Mr. Yang's wife and Mr. Yang's mother-in-law are shareholders of City
Royal Limited with a total of 100% interest.

(11) LOSS ON ROBBERY:

The Company incurred a loss of $475,592 due to an uninsured robbery of
its products-in-transit in August 2004. Such loss is included in the
general and administrative expenses in the accompanying consolidated
statements of operations.

F-27



ACL SEMICONDUCTORS INC. AND SUBSIDIARIES
NOTES TO CONSOLIDATED FINANCIAL STATEMENTS (CONTINUED)
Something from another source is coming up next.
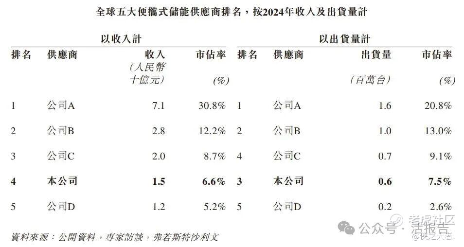 截至2024年,全球共有超过50家便携式储能供应商。以收入及出货量计,公司在全球便携式储能市场中均排名第四,分别占市场份额的6.6%及7.5%。

AS OF DECEMBER 31, 2004 AND DECEMBER 31, 2003 AND
THE THREE-YEAR PERIOD ENDED DECEMBER 31, 2004


(12) QUARTERLY INFORMATION (UNAUDITED):

The summarized quarterly financial data presented below reflects all
adjustments, which in the opinion of management, are of a normal and
recurring nature necessary to present fairly the results of operations
for the periods presented.



(dollars in thousands except per share data)
------------------------------------------------------------------
TOTAL FOURTH THIRD SECOND FIRST
----- ------ ----- ------ -----

2004
- ----

Total net sales $133,244 $35,695 $34,715 $33,284 $29,550
Gross profit $3,113 $750 $595 $491 $1,277
Net income (loss) $(454) $(303) $(361) $(111) $321
Net income (loss) per share:
basic and diluted $(0.02) ($0.01) $(0.01) ($0.00) $0.01

2003
- ----
Total net sales $72,673 $20,212 $20,301 $17,081 $15,079
Gross profit $4,458 $1,037 $1,750 $844 $827
Net income (loss) $(1,438) $351 $(2,190) $217 $184
Net income (loss) per share:
basic and diluted $(0.06) $0.01 $(0.10) $0.01 $0.01


(13) SUBSEQUENT EVENT (UNAUDITED):

In April 2005, the Company, Classic and the selling shareholders of
Classic have made the determination to postpone the closing of the
acquisition of Classic (see Note 1) due to delays of certain due
diligence procedures. The acquisition is expected to close upon the
completion of such due diligence procedures and the related results and
findings are satisfactory for both parties. As of April 8, 2005, the
due diligence procedures are still in process.